After packing everyone’s suitcase, we left the house on our journey to the hospital. On
our way there, I was being a normal teenager and checking my Facebook page. I saw a few
separate posts claiming Chris had died and heaven had gained an angel. I began to panic. Why
were people saying these things? Why would anyone say these lies? I asked my grandma what
Essay 735
these posts were about but after showing her, she brushed it off as misinformation. I wanted to
believe her but the doubt still nagged at the back of my mind. I messaged one of my good friends
who had created a post about it himself. I asked him where he had gotten this information and he
claimed he had gotten it from so and so’s post. I followed the chain down the gossip ladder until
I arrived at the original post. Although no names were used, I knew the post was about Chris. I
began crying. After a little bit longer, we had reached our destination.
As we walked into the hospital, we were greeted by both of our parents. This only
seemed to confirm my fear, for my parents would never leave my brother upstairs alone. We
quietly loaded into the elevator and made our way up to the fourth floor. We started off towards
his room yet my parents pulled us into the room next to his. As they told us the news, I broke
down. I was a puddle of tears by the time they finished their sentence. I’m glad I can say the next
part wasn’t a blur. I distinctly remember going to Chris’ room to see him. He only looked as if he
were asleep. Although many people would think this a traumatic sight, it was closure for me.

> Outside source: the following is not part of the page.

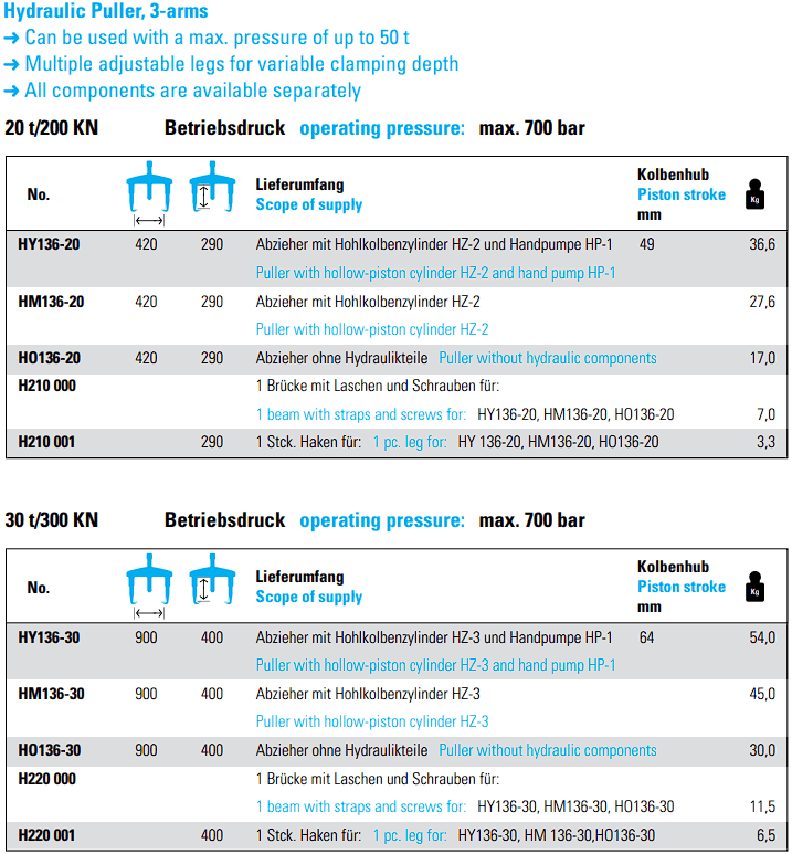 - Cảo thủy lực Nexus HM136-30, Nexus hydraulic puller HM136-30 là dòng cảo thủy lực 3 chấu, tự định tâm, có lực đẩy/kéo max: 30 tấn, hành trình xy lanh: 64 mm, độ mở max: 900 mm, chiều dài chân cảo: 400 mm. Đây là loại cảo thủy lực dời bơm có áp suất hoạt động <700 bar (10.000 psi), kết nối với bơm tay thủy lực, bơm điện thủy lực thông qua ống dây thủy lực, rất thuận tiện cho hoạt động kéo/đẩy từ bắt kỳ hướng nào, tháo lắp nhanh chóng.

As much as I miss him, I still smile when I think of the Narwhal Song. As I think of this,
I begin to remember how kind, sweet, and joyful Chris always was. I remember to be kind. To
make someone smile. To say thank you. To put others before myself. Chris may not have gotten
many years on Earth, but he touched many lives in the sixteen years he was here. I only hope
people see me as I saw him. As someone to look up to. As someone they can come to. As
someone who shows everyone compassion. As someone they can count on to always be there.
Chris may not have fit the typical definition of superhero, but he definitely fit mine.